• _The task_
Using the records below, write out only the lines from the line containing "Gümüş Mor Taşlı Kalpli Kadın Kolye" up to and including the line containing "Pañuelo de cuello", exactly, with no pictures.

• _Provided data_

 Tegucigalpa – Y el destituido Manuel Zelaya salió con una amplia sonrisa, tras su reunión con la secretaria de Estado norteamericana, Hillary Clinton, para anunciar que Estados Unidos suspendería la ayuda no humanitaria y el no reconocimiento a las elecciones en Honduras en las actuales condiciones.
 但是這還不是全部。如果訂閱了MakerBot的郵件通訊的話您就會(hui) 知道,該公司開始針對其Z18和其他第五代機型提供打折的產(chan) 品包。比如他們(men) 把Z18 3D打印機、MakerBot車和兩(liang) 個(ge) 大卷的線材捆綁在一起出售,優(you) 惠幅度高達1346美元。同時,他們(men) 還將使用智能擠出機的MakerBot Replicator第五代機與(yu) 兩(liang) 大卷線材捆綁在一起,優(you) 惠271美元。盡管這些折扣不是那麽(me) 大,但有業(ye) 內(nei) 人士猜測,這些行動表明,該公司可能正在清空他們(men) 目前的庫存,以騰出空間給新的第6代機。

==

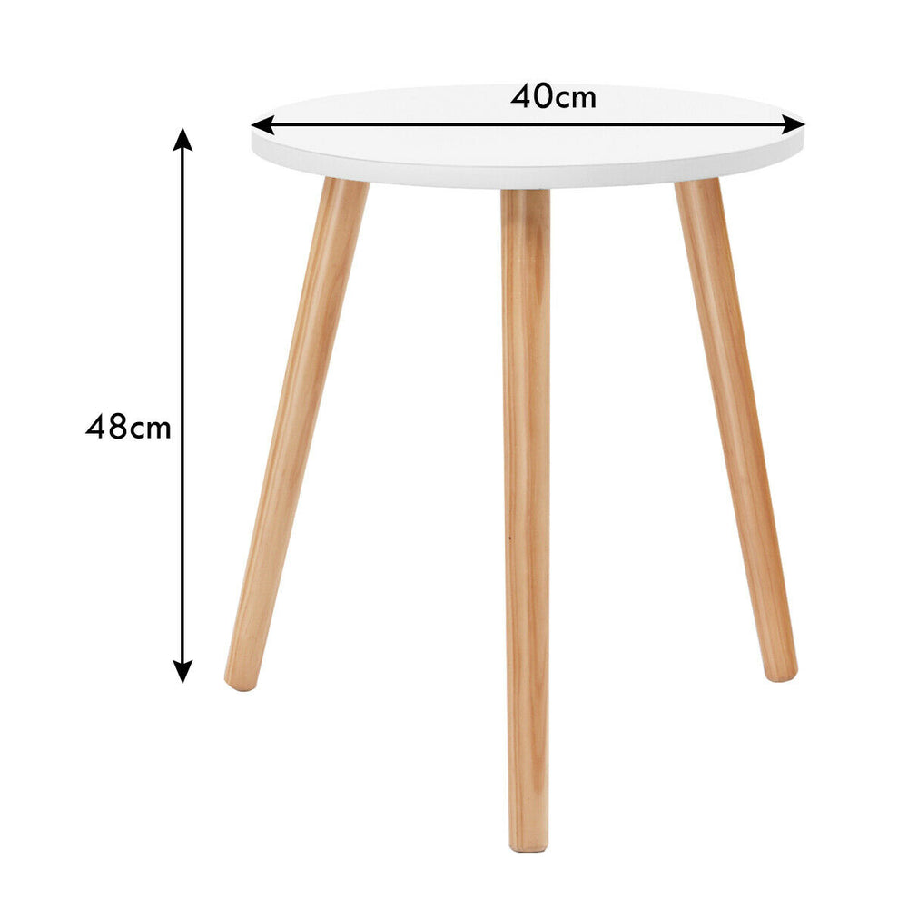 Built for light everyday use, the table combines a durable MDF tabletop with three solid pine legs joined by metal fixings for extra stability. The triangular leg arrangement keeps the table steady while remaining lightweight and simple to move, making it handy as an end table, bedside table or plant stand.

---

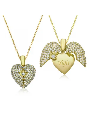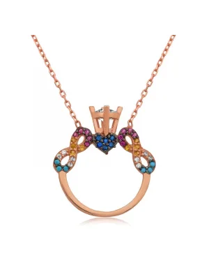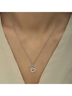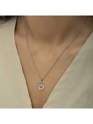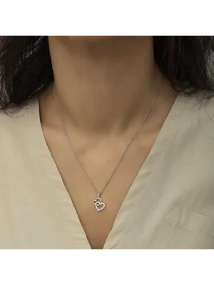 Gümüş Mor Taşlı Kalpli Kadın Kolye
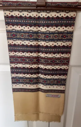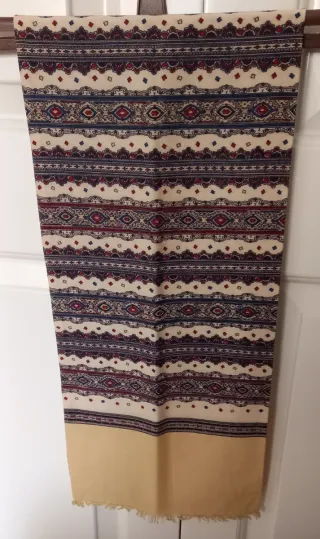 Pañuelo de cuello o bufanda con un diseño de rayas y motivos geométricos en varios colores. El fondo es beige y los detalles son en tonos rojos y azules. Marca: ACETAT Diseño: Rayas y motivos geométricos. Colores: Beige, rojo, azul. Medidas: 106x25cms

• _Response box_
 Gümüş Mor Taşlı Kalpli Kadın Kolye
 Pañuelo de cuello o bufanda con un diseño de rayas y motivos geométricos en varios colores. El fondo es beige y los detalles son en tonos rojos y azules. Marca: ACETAT Diseño: Rayas y motivos geométricos. Colores: Beige, rojo, azul. Medidas: 106x25cms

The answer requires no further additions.